(SUPPLIED INFORMATION)
******************************

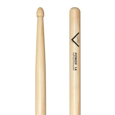 Made in the USA from high grade American hickory, Vater Drumsticks are made the same as they've always been, resulting in a consistent and durable drumstick: Hands-on craftsmanship, higher moisture content in the raw material, lathe turned, tumble finished and hand rolled. All Vater Drumsticks are tone and weight matched by computer analysis. With the same profile and length as the popular 1A model, the Vater American Hickory Power 1A features an larger diameter that is between a 5B and 2B to provide added weight and 'throw'. The Acorn wood tip provides a big, warm tone for the whole drumkit. Wood Type: Hickory | Taper: Short / Medium Tip: Wood | Tip Shape: Acorn Stick Diameter: 0.625" | 1.59cm Stick Length: 16.375" | 41.59cm
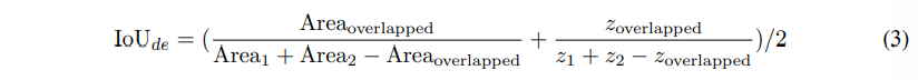 식(2)를 통해서 3D IoU 계산은 (x, y, w, l, \theta)를 포함하는 바운딩 박스 영역인 xy 공간과 박스 height에 해당하는 z 공간, 이렇게 두 공간으로 구성된다는 것을 확인할 수 있습니다. 학습할 때 이 두 공간의 gradient가 합쳐져 한 공간에서의 최적화가 다른 공간에서의 최적화에 방해가 되어 학습 과정이 불안정해질 수 있다고 합니다. 결국 식(2)와 같은 일반적인 3D IoU는 검출기에서 최적화하는 데 어려움이 존재합니다. 바운딩 박스의 regression을 위해 이미 L1 loss가 존재하는 트랜스포머 기반 3차원 물체 검출기에서  3D IoU의 최적화 문제는 기존에 2D 트랜스포머 기반 검출기에서는 스케일 문제를 완화할 수 있었던 효과가 크게 감소하게 됩니다.
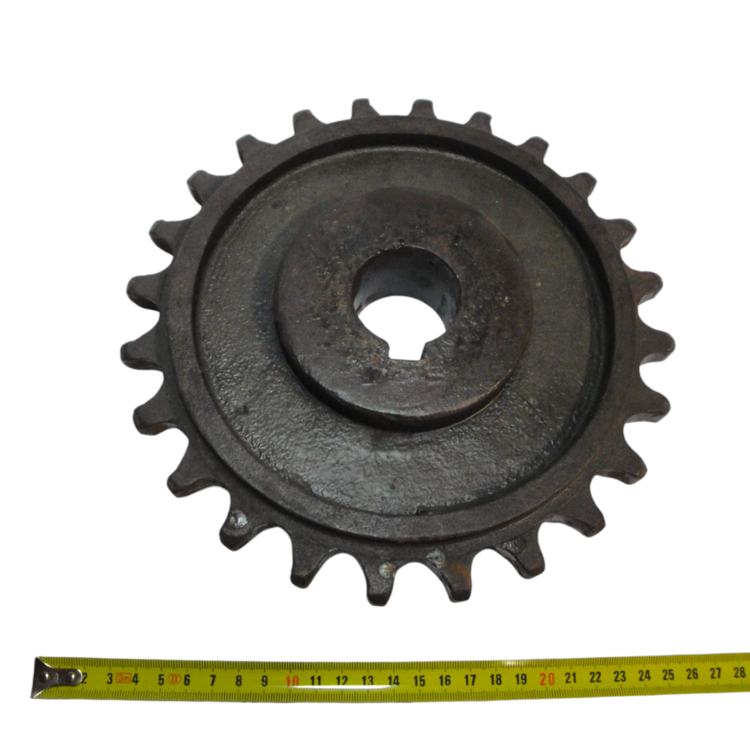 Set van twee grote metalen kettingwielen en een tandwiel. Datering: onbekend. Conditie: prima. Afmetingen: ca. ø31,0 x 13,0 cm en ø22.0 x 5.0 cm. Afmetingen tandwiel: ø28,0 x 4,5 cm.
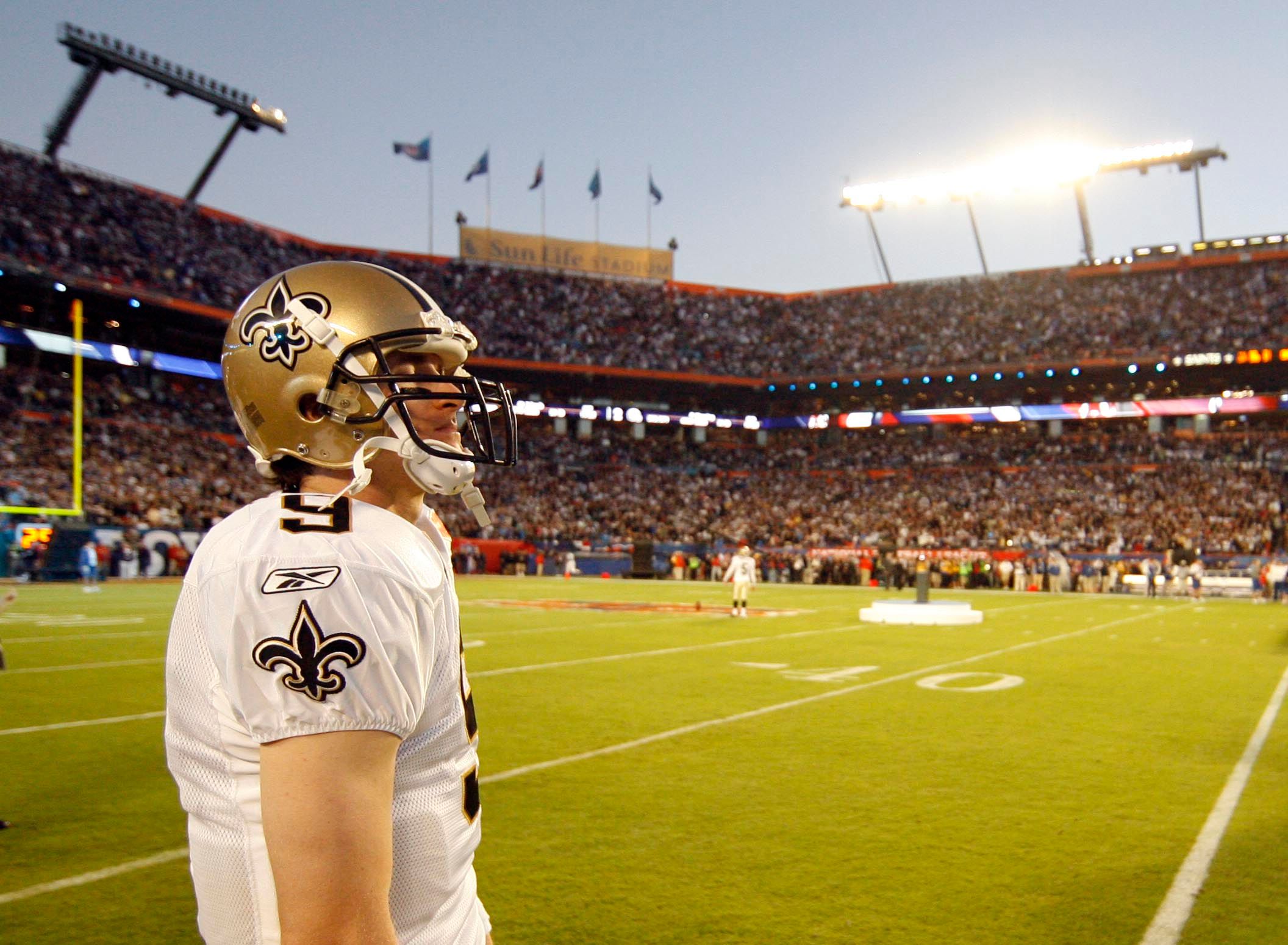 Saints quarterback Drew Brees before Super Bowl XLIV against the Colts in Miami. John David Mercer/Imagn Images

******************************

(WHAT THE TASK REQUIRES) The listing above must be printed again exactly, minus its pictures.

(SOLUTION TO THIS EXERCISE)
 Made in the USA from high grade American hickory, Vater Drumsticks are made the same as they've always been, resulting in a consistent and durable drumstick: Hands-on craftsmanship, higher moisture content in the raw material, lathe turned, tumble finished and hand rolled. All Vater Drumsticks are tone and weight matched by computer analysis. With the same profile and length as the popular 1A model, the Vater American Hickory Power 1A features an larger diameter that is between a 5B and 2B to provide added weight and 'throw'. The Acorn wood tip provides a big, warm tone for the whole drumkit. Wood Type: Hickory | Taper: Short / Medium Tip: Wood | Tip Shape: Acorn Stick Diameter: 0.625" | 1.59cm Stick Length: 16.375" | 41.59cm
 식(2)를 통해서 3D IoU 계산은 (x, y, w, l, \theta)를 포함하는 바운딩 박스 영역인 xy 공간과 박스 height에 해당하는 z 공간, 이렇게 두 공간으로 구성된다는 것을 확인할 수 있습니다. 학습할 때 이 두 공간의 gradient가 합쳐져 한 공간에서의 최적화가 다른 공간에서의 최적화에 방해가 되어 학습 과정이 불안정해질 수 있다고 합니다. 결국 식(2)와 같은 일반적인 3D IoU는 검출기에서 최적화하는 데 어려움이 존재합니다. 바운딩 박스의 regression을 위해 이미 L1 loss가 존재하는 트랜스포머 기반 3차원 물체 검출기에서  3D IoU의 최적화 문제는 기존에 2D 트랜스포머 기반 검출기에서는 스케일 문제를 완화할 수 있었던 효과가 크게 감소하게 됩니다.
 Set van twee grote metalen kettingwielen en een tandwiel. Datering: onbekend. Conditie: prima. Afmetingen: ca. ø31,0 x 13,0 cm en ø22.0 x 5.0 cm. Afmetingen tandwiel: ø28,0 x 4,5 cm.
 Saints quarterback Drew Brees before Super Bowl XLIV against the Colts in Miami. John David Mercer/Imagn Images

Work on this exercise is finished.